A key document shaping sports policy on concussion says it is “reasonable to consider” that there is a potential association between repetitive impacts to the head and the development of chronic traumatic encephalopathy.
Last month it was announced that three other former Football League players – Jimmy Conway, Jim Fryatt and Jimmy Gabriel – had been posthumously diagnosed with CTE, a progressive and fatal brain disease.
The findings nearly doubled the number of publicly confirmed diagnoses within English football, following cases involving Jeff Astle, Rod Taylor, Billy McEwan and Nobby Stiles.
Now, the latest Consensus Statement on Concussion in Sport, a document that has in the past played a key role in shaping how sports governing bodies establish their concussion policies and protocols, states: “It is reasonable to consider an exposure extensive to repetitive impacts to the head, such as that experienced by some professional athletes, potentially associated with the development of the specific neuropathology described as CTE-NC (CTE neuropathologic change).”
Sports such as football and rugby have made changes in recent years to provide greater protection against the risk of impact with concussion and subconcussion, for example restrictions on head training at all levels of football and trials to lower the height of the tackle in rugby.
The new Statement says that studies to date on the effects of concussion and repetitive head impacts on the health of athletes in old age have been “limited.”
The 2019 FIELD study found that professional soccer players were three and a half times more likely to die from a neurodegenerative disease than age-matched members of the general population, raising concerns that their increased exposure to the impacts of concussion and subconcussion were behind the increased risk.
However, the Declaration, the first to be published since 2017, says much more work is required to firmly establish any link.
“Studies, to date, are methodologically limited because most were unable to examine or adjust for many factors that may be associated with the neurological outcomes of interest,” it said.
“Studies examining cognitive decline and neurological outcomes did not examine genetic factors and generally did not consider or control for factors known to be important for brain health in the general population, such as educational level, socioeconomic status, smoking, hypertension and cardiovascular disease, diabetes, sleep apnea, white matter hyperintensities, social isolation, diet, physical activity or exercise.
“To establish a clear causal association between sports participation early in life and cognitive decline or dementia later in life or to quantify that association, future well-designed case-control and cohort studies, including as many confounding factors and individual risk modifiers as possible are needed.”
The Statement recommended the creation of a new working group, which would seek funding for further research on the potential long-term impacts of brain injury and “continue deliberations on these issues in the interest of athlete care.”
In a briefing in connection with the report’s release, the Statement’s joint first author, Dr.

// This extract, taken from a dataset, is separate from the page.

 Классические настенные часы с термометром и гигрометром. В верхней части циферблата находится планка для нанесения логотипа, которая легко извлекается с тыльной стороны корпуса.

Jon Patricios, said soccer must operate at a “low threshold” for suspected concussion if it wishes to proceed with brief evaluations at the field.

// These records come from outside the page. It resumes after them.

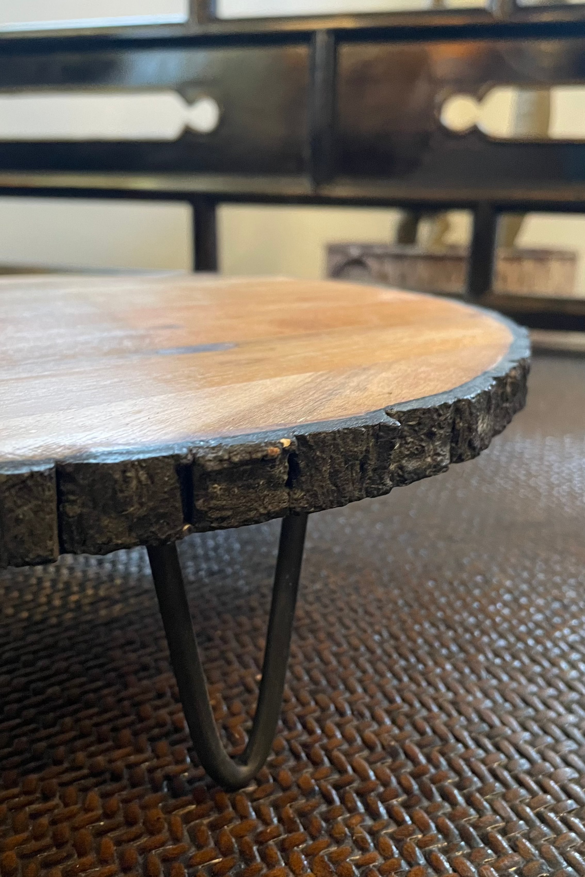 Elevate your culinary creations with our stunning wooden cake/trivet stand. Its unique raw edges and short metal legs add a charming rustic touch to any table setting. Perfect for serving up delicious cakes or protecting your table from hot dishes. Indulge in the art of stylish entertaining with this exquisite stand.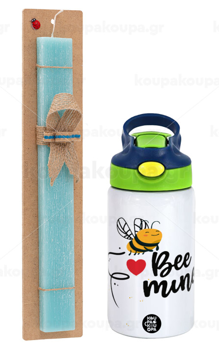 Bee mine!!!, Easter Set, Children's thermal stainless steel bottle with safety straw, green/blue (350ml) & aromatic flat Easter candle (30cm) (TURQUOISE)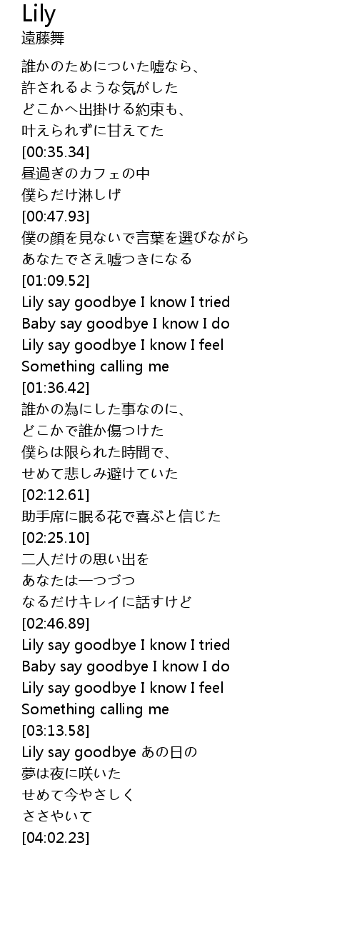 | [03:00.56] | Lily say goodbye I know I feel |

Head injury activists, the global players union FIFPRO, the Premier League and Major League Soccer in the United States called for a trial of temporary concussion substitutes earlier this year, which would allow for an off-field assessment of 10 minutes for a player suspected of concussion.
The game’s legislative body, the International Association Football Board, rejected that proposal in January and work continues on the existing additional permanent substitute concussion trial, which includes a much shorter on-field evaluation.
Dr. Patricios said: “Three minutes is enough to suspect a concussion (but) if you only allow a three minute period, your threshold for removing that player should be very low.”
“If there is a suspicion (they have suffered a concussion) they should retire and not play again if there is not enough time to do a proper evaluation.”
Dr Patricios, as part of the Concussion in Sport Group coordinating the Consensus Statement, wrote to the IFAB in February in support of calls for a temporary concussion surrogate trial.
Work on this latest Statement began in 2018 and is based on results discussed by more than 100 medical experts at the Concussion in Sport Conference in Amsterdam last October.
The Conference is funded and organized by sports bodies such as FIFA, World Rugby and the International Olympic Committee.
The CISG’s work has faced criticism in the past from some head injury advocates for being too protective of sports organizations, but the Declaration’s joint first author, Dr. Kathryn Schneider, says the group has “The process has evolved and it has been inclusive.” in creating the latter paper, published in the British Journal of Sports Medicine.
Elsewhere in the Statement, clinicians are encouraged to recommend early return to light physical activity that does not exacerbate symptoms within the first 24 to 48 hours of sustaining a concussion, finding that strict rest until complete resolution of concussion-related symptoms “is not beneficial.” “.
Limited screen time in the first 48 hours after injury may also aid recovery, according to data reviewed by the doctors who prepared the Statement.